Пришлось, однако, расстаться! Прощанье было грустное. Он должен был писать по адресу тетки Роллэ; и Эмма дала ему столь подробные указания по поводу двойных конвертов, что он был приведен в восторг ее любовным коварством.

— Итак, ты уверяешь меня, что все хорошо? — спросила она, целуя его в последний раз.

— Да, разумеется! «Но почему, — подумал он, идя домой один по улицам, — почему она так настаивает на этой доверенности?»

Глава IV

Леон вскоре принял вид превосходства в сношениях с товарищами, стал избегать их общества и окончательно забросил свои дела. Он ждал ее писем, перечитывал их, сам писал ей. Он вызывал перед собой ее образ всею силой своей страсти и памяти.

Не ослабленное разлукой желание видеть ее, напротив, все росло, и раз в субботу утром он убежал со службы.

Когда с вершины холма увидел он в долине церковную колокольню с жестяною флюгаркой, вертевшейся по ветру, то ощутил в душе ту усладу, смесь торжествующего тщеславия и себялюбивого умиления, какую должен испытывать миллионер, навестивший родную деревню.

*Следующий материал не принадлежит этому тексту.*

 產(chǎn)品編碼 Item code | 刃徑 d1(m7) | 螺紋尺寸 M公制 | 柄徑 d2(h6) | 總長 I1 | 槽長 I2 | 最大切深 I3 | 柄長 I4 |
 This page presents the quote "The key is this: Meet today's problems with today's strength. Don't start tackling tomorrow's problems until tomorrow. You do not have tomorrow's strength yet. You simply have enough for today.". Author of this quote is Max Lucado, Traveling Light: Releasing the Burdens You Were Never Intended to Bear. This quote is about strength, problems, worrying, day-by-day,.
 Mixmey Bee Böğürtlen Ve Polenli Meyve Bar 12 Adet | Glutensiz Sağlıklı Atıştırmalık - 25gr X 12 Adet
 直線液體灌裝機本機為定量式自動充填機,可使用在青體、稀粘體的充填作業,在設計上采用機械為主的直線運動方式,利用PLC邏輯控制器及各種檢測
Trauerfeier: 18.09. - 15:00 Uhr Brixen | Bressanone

Он пошел бродить вокруг ее дома. В кухне был виден огонь. Он ждал, не появится ли за занавесками ее тень. Никто не появился.

Тетка Лефрансуа, увидя его, разохалась и нашла его «выше ростом и худощавее», а Артемиза заявила, что он «возмужал и посмуглел».

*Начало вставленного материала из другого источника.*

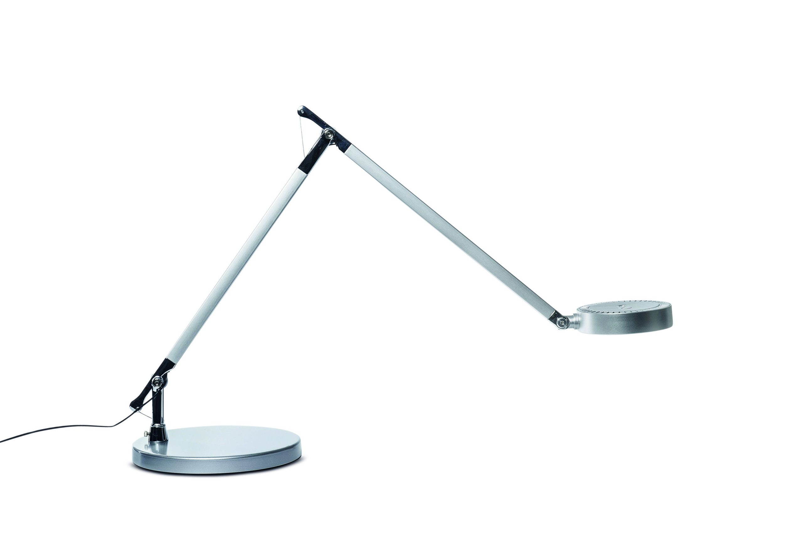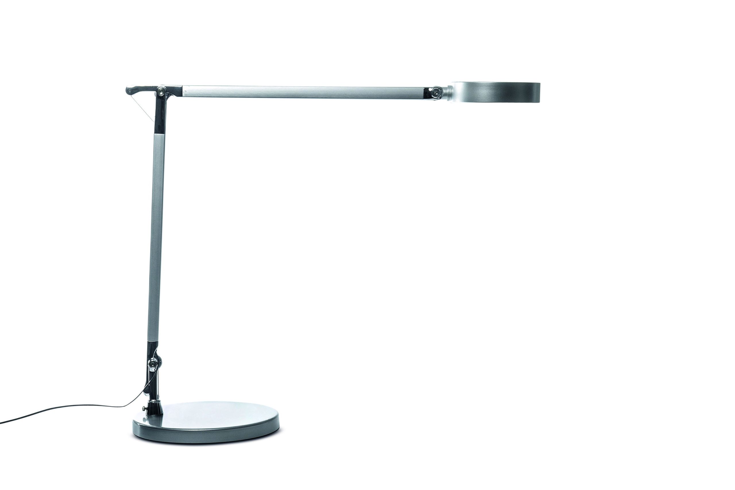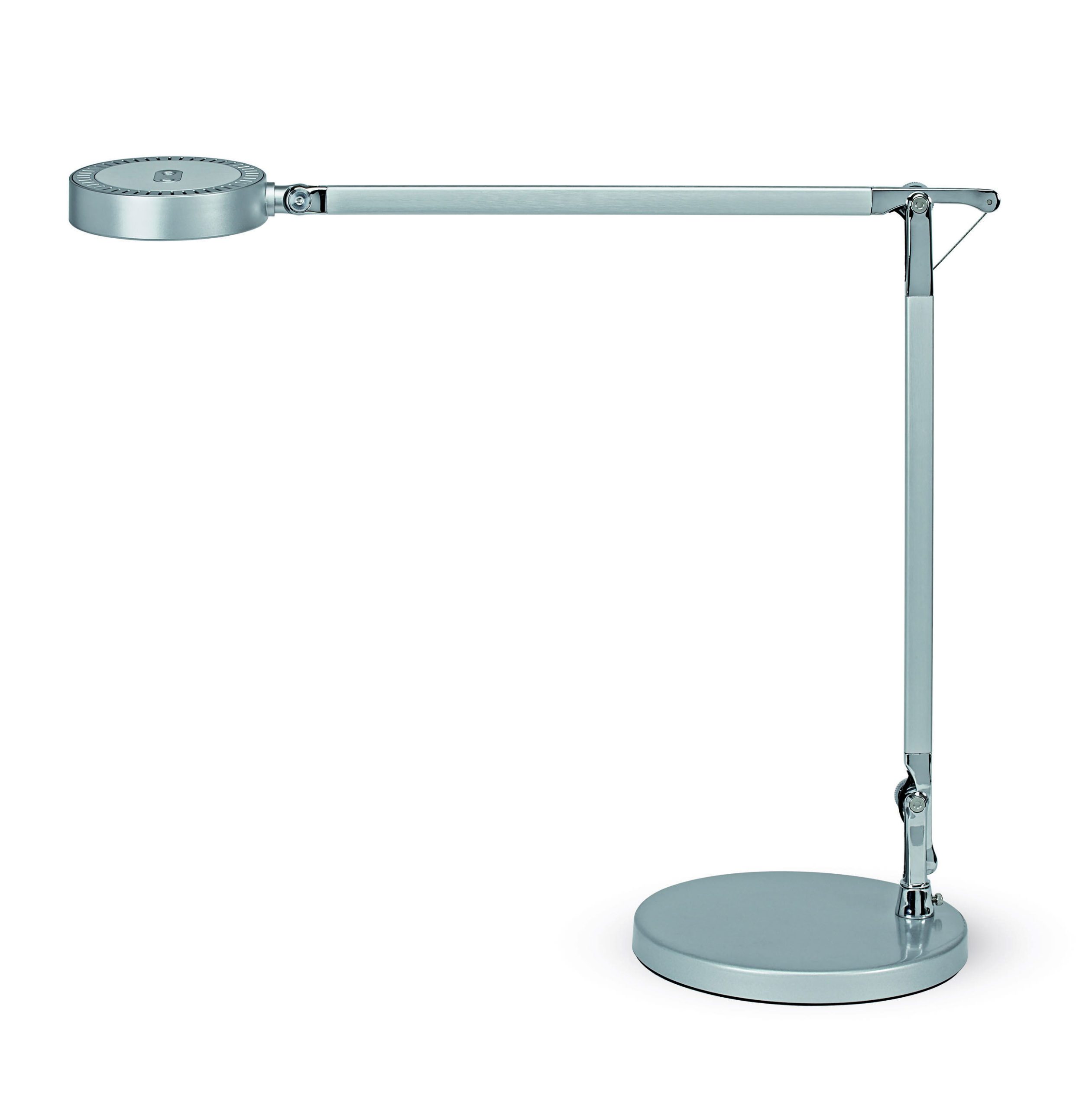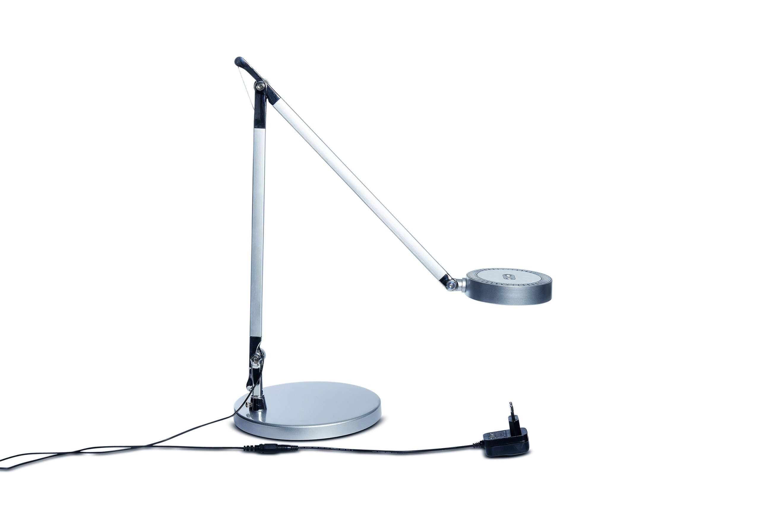 LED Skrivebordslampe, sølv, MAULgrace MAULgrace LED skrivebordslampe er en elegant og funktionel skrivebordslampe i sølv, skabt til moderne arbejdspladser og hjemmekontorer. Lampen kombinerer et eksklusivt udtryk med avanceret lysteknologi, så du får optimal belysning til enhver opgave og tidspunkt på dagen. Den indbyggede LED-lyskilde kan justeres trinløst fra varm hvid 3000 Kelvin til kølig dagslyshvid 6500 Kelvin. Det gør det muligt at tilpasse lyset efter behov fra en behagelig, afslappende stemning til koncentreret arbejdslys. Lysstyrken kan samtidig dæmpes via en 4-trins dæmper, så du får fuld kontrol over både intensitet og farvetemperatur. Betjeningen foregår nemt via touch-knapper placeret direkte på lampehovedet. Lampen har desuden memory-funktion, som gemmer dine seneste indstillinger, når den slukkes. Det dobbelte armled i børstet og anodiseret aluminium giver en stor arbejdsradius og fleksibel bevægelse. Både arm og lampehoved kan vippes og drejes, så lyset rettes præcist mod arbejdsfladen. Den integrerede diffuser reducerer skygger og sikrer et behageligt, jævnt lys. Ved 35 cm afstand leverer lampen op til 1.400 lux, hvilket giver gode arbejdsforhold ved skrivebordet. Den runde metalfod med indlagt vægt sikrer stabilitet. Lampen leveres med 2 meter kabel og ekstern strømforsyning. Energiklassen for lyskilden er F (AG skala), og lampen har en forventet levetid på op til 20.000 timer. Mål: L 545 x B 205 x H 466 mm Hoved: Ø 11,6 cm Armlængde: 36,5 cm (øverste og nederste arm) Fod: Ø 20,5 cm 2 års garanti
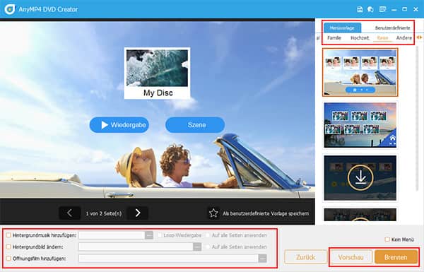 Schritt 3: Legen Sie eine Menüvorlage für Ihre DVDs fest. Sie können zwischen verschiedenen Themen wie Festival, Familie, Hochzeit, Reise usw. wählen. Außerdem können Sie Ihr eigenes DVD-Menü erstellen und Hintergrundmusik, Hintergrundbild usw. hinzufügen. Klicken Sie auf "Vorschau", um das Video anzusehen, und klicken Sie dann auf "Brennen".
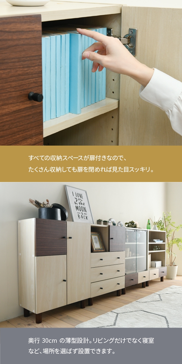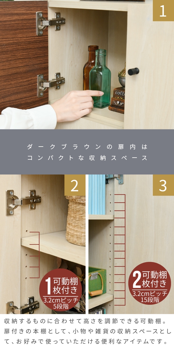 3箇所の収納部はすべて扉付きなのでたくさん収納しても扉を閉めれば見た目スッキリ!ナチュラルカラーの扉内は可動棚になっており、収納物に合わせて高さを調節できます。

Он пообедал, как в былые времена, в маленькой столовой, но один, без сборщика податей. Бинэ наскучило вечно ждать приезда «Ласточки», и он окончательно перенес свой обед на час раньше; обедал он теперь ровно в пять, но все продолжал ворчать на постоянное запаздывание «старого рыдвана».

Леон наконец собрался с духом и постучал в дверь доктора. Барыня была у себя в комнате, откуда сошла только через четверть часа. Барин, кажется, был рад его видеть и не двинулся с места ни в этот вечер, ни весь следующий день.

Он увиделся с нею наедине поздно вечером за садом, в переулочке — в том же переулочке, как с тем, с другим! Была гроза, и они разговаривали под зонтиком при свете молний.

Разлука становилась невыносимой.

— Легче умереть! — говорила Эмма. Она извивалась в рыданиях, припав к его плечу. — Прощай!.. Прощай!.. Когда я тебя увижу?

Оба опять вернулись, чтобы обняться еще раз; она дала ему обещание, как можно скорее и во что бы то ни стало выдумать предлог для постоянных свиданий на свободе, хоть раз в неделю. Эмма не сомневалась в удаче, она была полна надежд: скоро она добудет денег.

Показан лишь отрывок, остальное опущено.